03/07/2012 22:53 par Dwaabala

Plus-value et lutte des classes.

La grande nouveauté, c’est que depuis une dizaine d’années le capitalisme ne fait plus touner ses usines pour faire du profit en exploitant le travailleur.

Non ! maintenant, le capitalisme ne crée plus ses richesses sous la forme de marchandises qui, portées au marché lui permettront de concrétiser la plus-value, c’est-à -dire la part du travail non payée dans la marchandise ; non ! ce n’est plus cela maintenant, puisque tout le monde attend du capitalisme qu’il crée, ou qu’il sauve des emplois. Le capitalisme d’abord créateur d’emploi, subsidiairement de valeurs d’usage (n’importe quelles saloperies), et en catimini de profit.
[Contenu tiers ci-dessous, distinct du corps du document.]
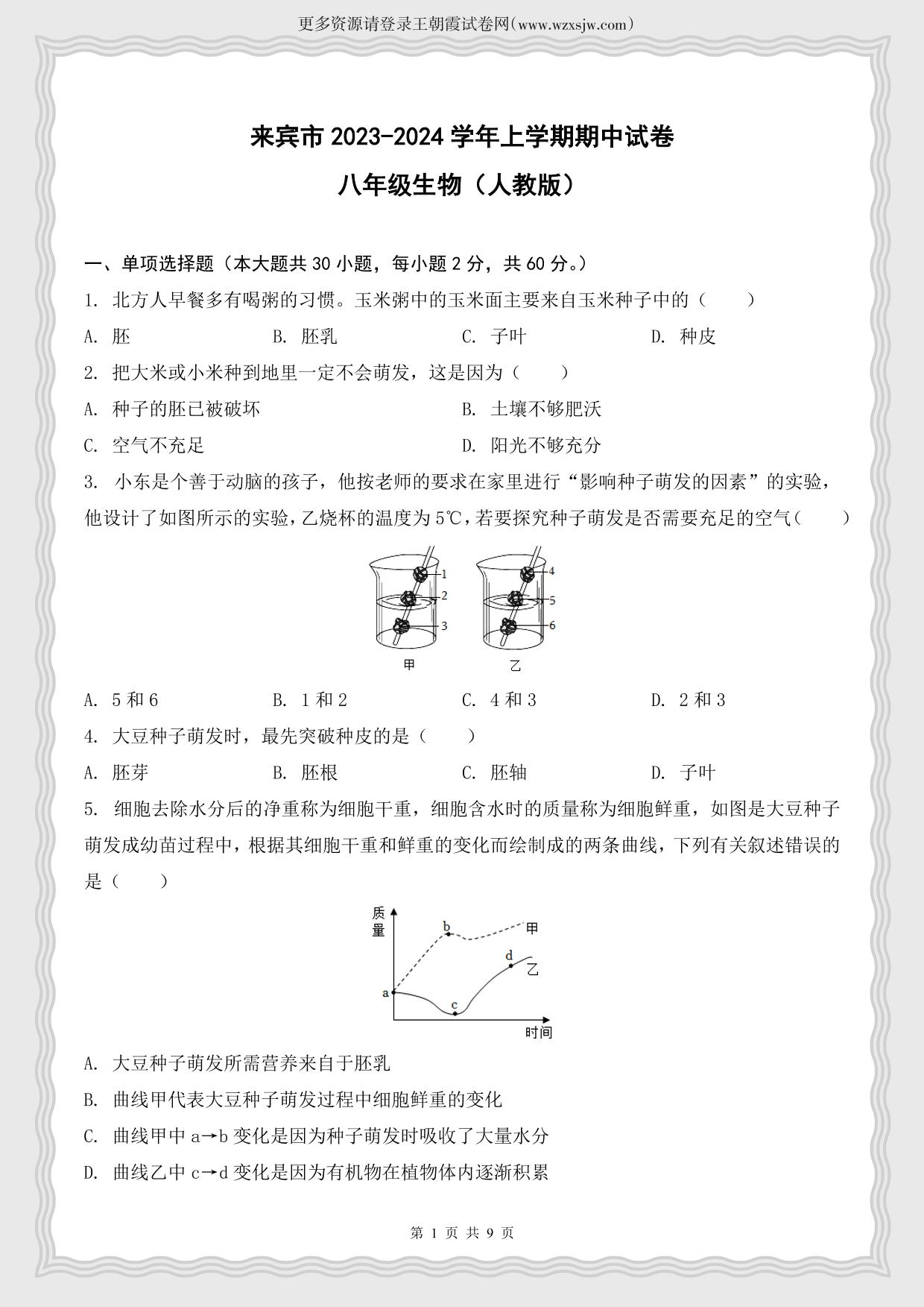 广西来宾市2023-2024学年上学期期中试卷八年级生物(人教版)

Tout le monde, c’est le capitalisme d’un côté, et l’esprit révolutionnaire du XXIème siècle de l’autre : ils sont redevenus philantropiques, comme le capitalisme et le proudhonisme le furent au XIXème siècle.

Il faut créer ou sauver des emplois !

Que de pauvres bougres, au lieu d’être brutalement jetés à la rue se raccrochent au mirage d’une Scop se comprend. Il faut même souhaiter le plus grand succès à ce genre d’initiative.

Ainsi que de l’avenir à un mouvement politique qui fonctionne sur cette base théorique.

08/07/2012 21:12 par Depositaire

Article intéressant de Patrick Mignard. Il est bien, effectivement, d’expliquer ces termes que l’on entend dans la bouche des poilticiens de tout bord et des journalistes dont on n’est même pas sur qu’ils savent de quoi ils parlent.

Cependant, une critique est à faire sur cet article, constructive. Il ne va pas assez loin.
Par exemple, il n’explique pas cette absurdité évidente qu’une croissance indéfinie, dans un monde fini est un non sens et une impossibilté pure et simple.
Comment voulez-vous produire toujours plus lorsque toutes les ressources de la planète seront épuisées ? Comment l’humanité va vivre ? Certains disent que dans le futur, la science trouvera une solution et tout pourra continuer indéfiniment. Ben voyons !
C’est bien commode de se défausser vers la science, ça évite de répondre aux questions embarassantes.
Mais même si, par on ne sait quel miracle, la science serait capable de résoudre le problème des ressources de la planète, un autre problème va apparaître et d’ailleurs il est déjà bien là  : La pollution. On va mettre encore à contribution la science...!? Bon, très bien, Et les catastrophes du genre de Bhopal en Inde , (pollution chimique ayant engendré des centaines de morts), Tchernobyl, Fukushima ? sans compter bien d’autres en suspend. Là il faut bien dire les choses comme elles sont : La science n’a pas été capable de prévenir ces catastrophes et encore moins à les contenir. Et si demains il y avait 10 ou 20 Tchernobyl ou Fukushima ? Ce sera la fin de l’humanité.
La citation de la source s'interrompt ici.